§ Goal of the exercise
What you return should be only the lines in the entries below between the one holding "3. Historic Town Centre of Ape" and the one holding "Jewin Welsh Church", ends included, with every picture left out.

§ Data under study
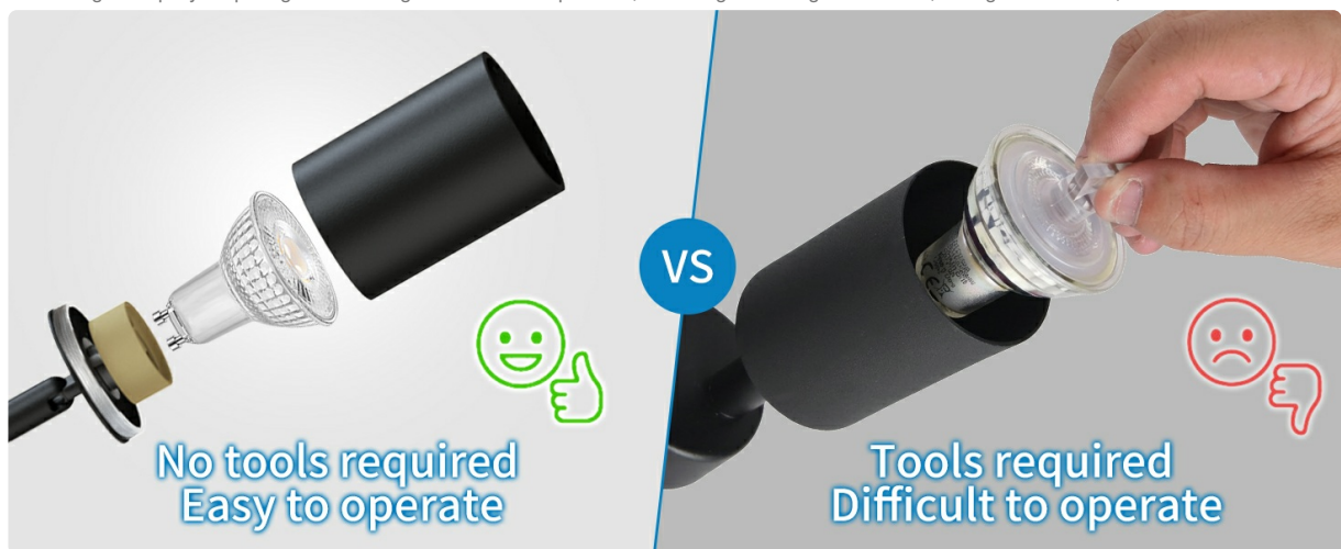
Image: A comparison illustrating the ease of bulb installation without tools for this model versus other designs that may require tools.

...

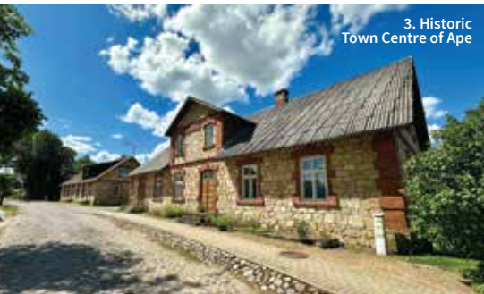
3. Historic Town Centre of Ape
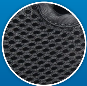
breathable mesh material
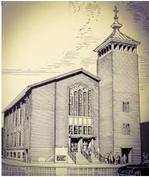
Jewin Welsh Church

§ Solution for this exercise
3. Historic Town Centre of Ape
breathable mesh material
Jewin Welsh Church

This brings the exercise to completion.